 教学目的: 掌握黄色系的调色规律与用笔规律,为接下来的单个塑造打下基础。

--

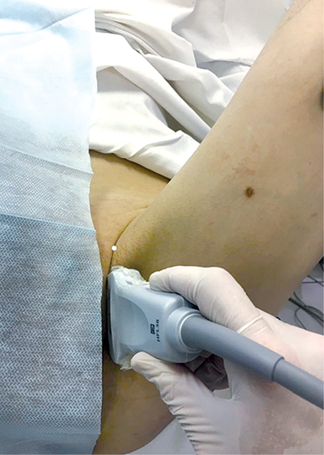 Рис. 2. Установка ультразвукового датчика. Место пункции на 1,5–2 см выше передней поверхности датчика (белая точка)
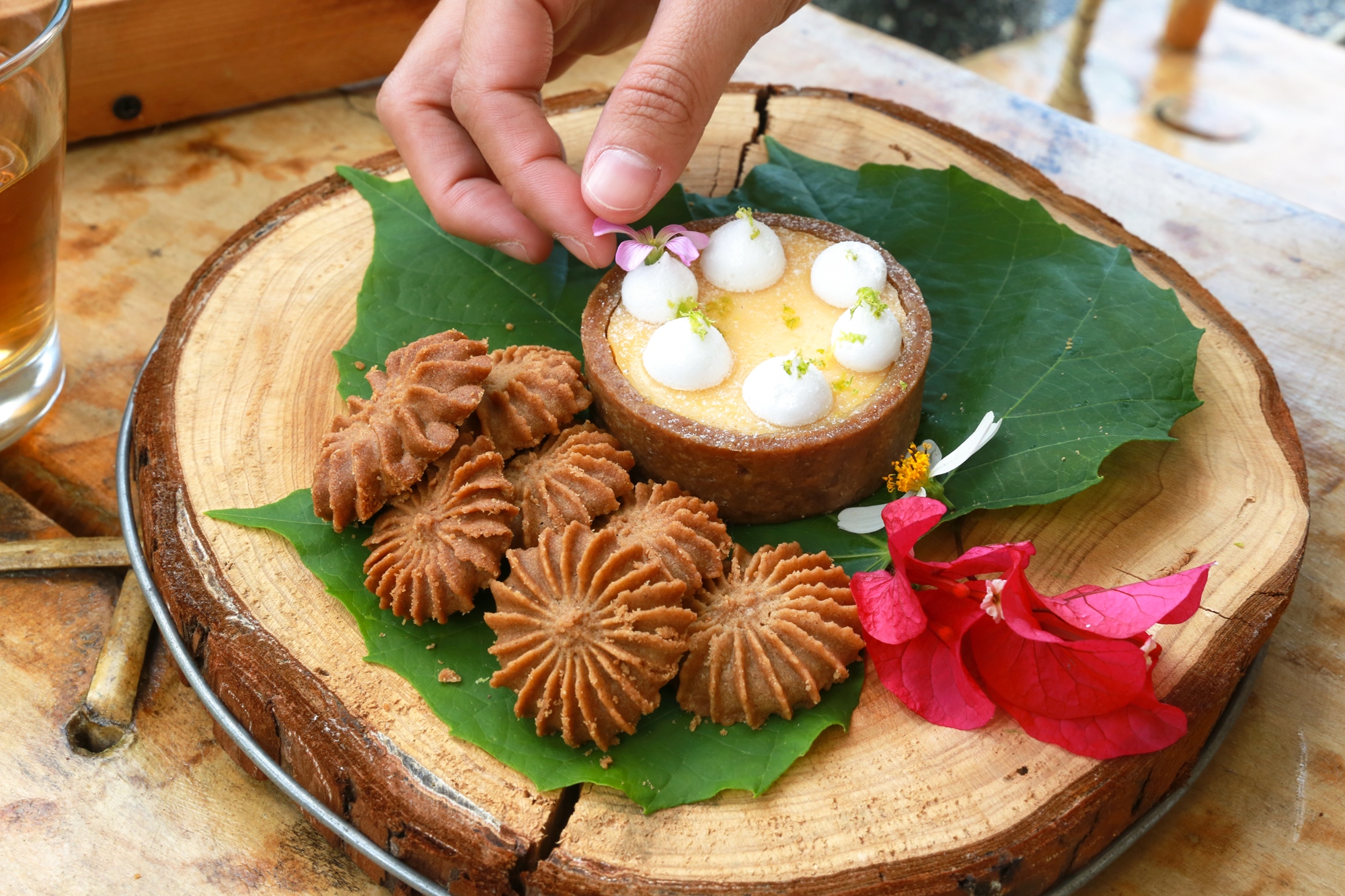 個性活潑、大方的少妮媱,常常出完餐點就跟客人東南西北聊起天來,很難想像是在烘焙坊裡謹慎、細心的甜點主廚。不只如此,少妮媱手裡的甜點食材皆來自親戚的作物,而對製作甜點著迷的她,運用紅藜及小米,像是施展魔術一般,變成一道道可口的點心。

==

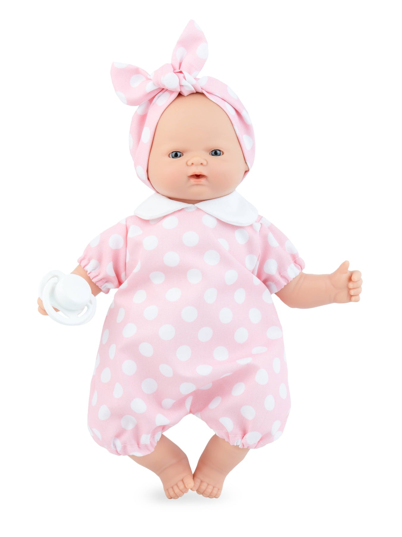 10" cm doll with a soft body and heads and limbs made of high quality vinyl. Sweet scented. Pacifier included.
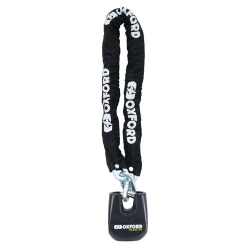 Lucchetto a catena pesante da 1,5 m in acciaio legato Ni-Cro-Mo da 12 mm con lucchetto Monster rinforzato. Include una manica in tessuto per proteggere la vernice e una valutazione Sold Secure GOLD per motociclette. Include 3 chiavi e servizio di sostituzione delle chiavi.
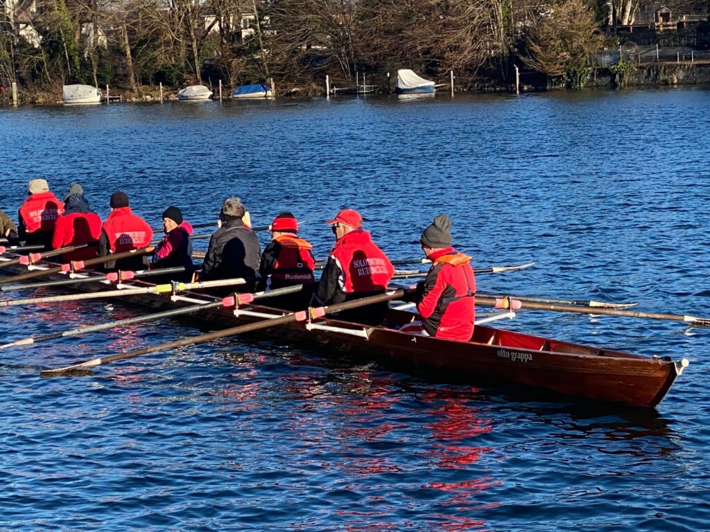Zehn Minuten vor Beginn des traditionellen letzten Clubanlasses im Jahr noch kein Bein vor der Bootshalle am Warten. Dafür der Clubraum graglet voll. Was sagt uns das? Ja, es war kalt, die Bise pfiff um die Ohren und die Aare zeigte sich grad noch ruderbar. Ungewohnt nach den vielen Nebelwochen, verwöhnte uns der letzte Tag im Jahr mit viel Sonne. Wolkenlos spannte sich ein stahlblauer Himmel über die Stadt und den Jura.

Instructions for the task:
What are the lines in the records above, word for word, from the one containing "scented. Pacifier included." through the one containing "Lucchetto a catena", both ends included and pictures left out?

Your response:
 10" cm doll with a soft body and heads and limbs made of high quality vinyl. Sweet scented. Pacifier included.
 Lucchetto a catena pesante da 1,5 m in acciaio legato Ni-Cro-Mo da 12 mm con lucchetto Monster rinforzato. Include una manica in tessuto per proteggere la vernice e una valutazione Sold Secure GOLD per motociclette. Include 3 chiavi e servizio di sostituzione delle chiavi.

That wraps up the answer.